* [DATA EXTRACT]
#####

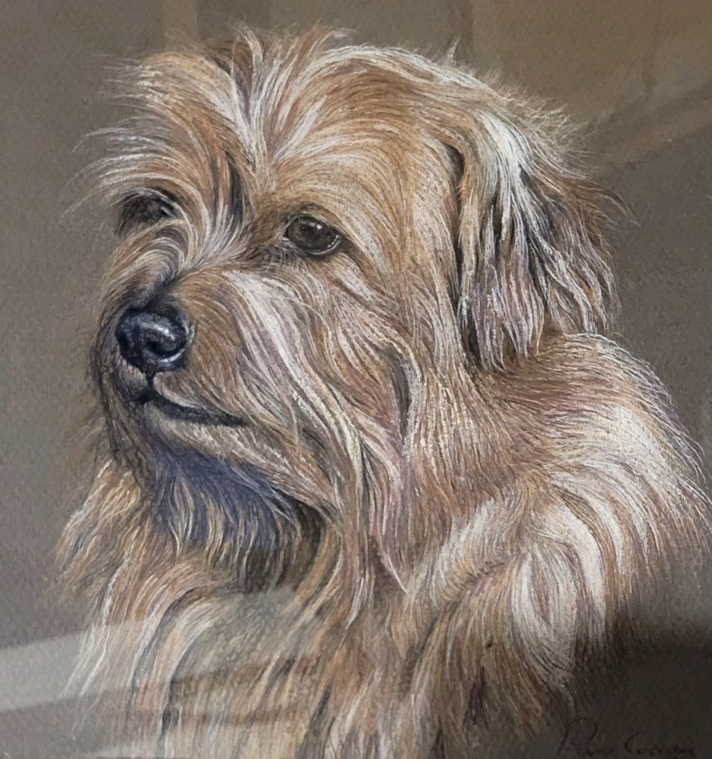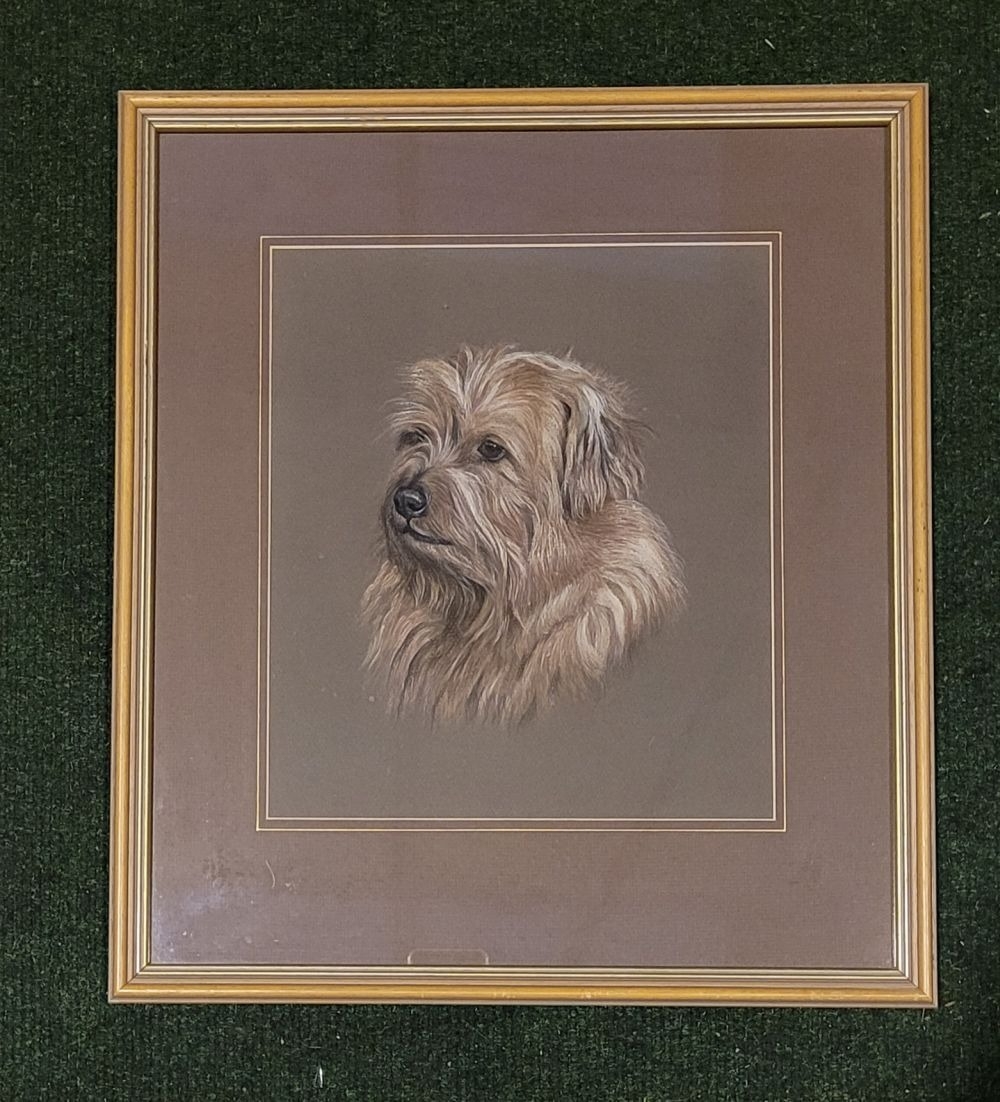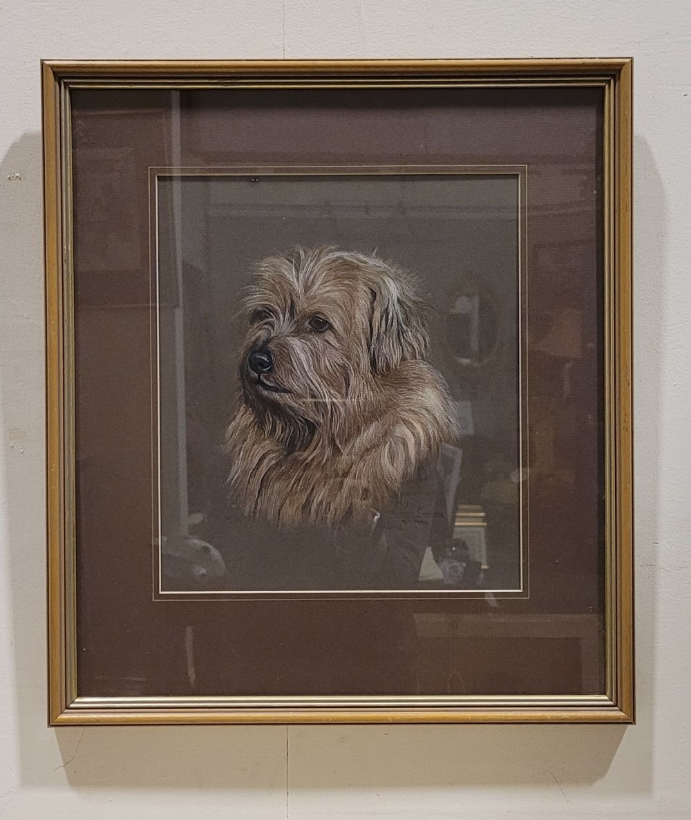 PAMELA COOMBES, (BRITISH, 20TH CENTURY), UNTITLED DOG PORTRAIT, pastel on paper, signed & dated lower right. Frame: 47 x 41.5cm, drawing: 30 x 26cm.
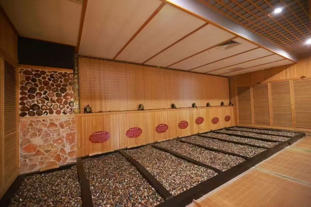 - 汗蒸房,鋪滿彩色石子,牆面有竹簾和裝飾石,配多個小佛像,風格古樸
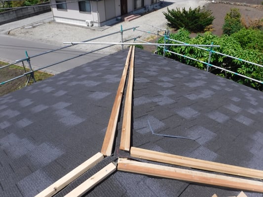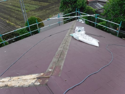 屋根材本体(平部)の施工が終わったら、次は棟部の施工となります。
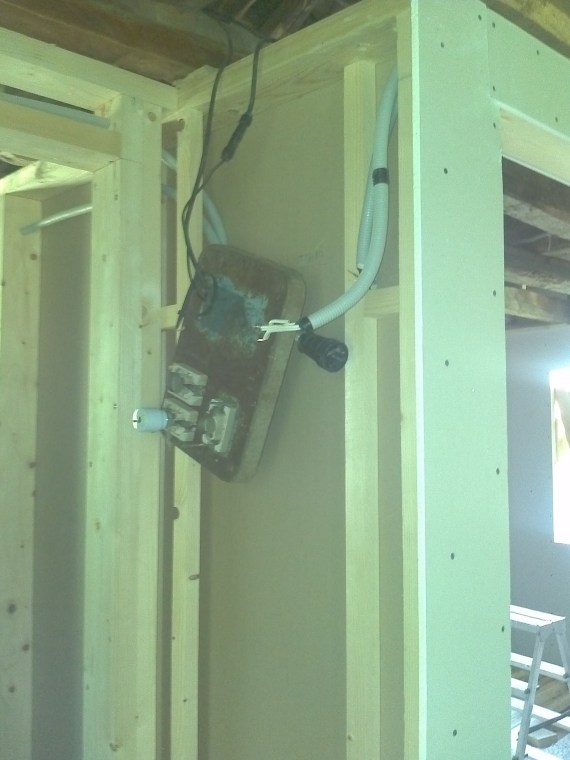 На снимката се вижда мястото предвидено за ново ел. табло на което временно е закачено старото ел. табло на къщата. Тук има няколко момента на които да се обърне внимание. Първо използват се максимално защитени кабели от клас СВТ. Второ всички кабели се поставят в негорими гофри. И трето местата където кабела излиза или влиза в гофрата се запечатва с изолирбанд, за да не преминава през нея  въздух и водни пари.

#####

* [TASK BRIEF] Restate word for word each line from the one containing "- 汗蒸房,鋪滿彩色石子,牆面有竹簾和裝飾石,配多個小佛像,風格古樸" through the end of the material, pictures excluded.

* [ANSWER SECTION]
 - 汗蒸房,鋪滿彩色石子,牆面有竹簾和裝飾石,配多個小佛像,風格古樸
 屋根材本体(平部)の施工が終わったら、次は棟部の施工となります。
 На снимката се вижда мястото предвидено за ново ел. табло на което временно е закачено старото ел. табло на къщата. Тук има няколко момента на които да се обърне внимание. Първо използват се максимално защитени кабели от клас СВТ. Второ всички кабели се поставят в негорими гофри. И трето местата където кабела излиза или влиза в гофрата се запечатва с изолирбанд, за да не преминава през нея  въздух и водни пари.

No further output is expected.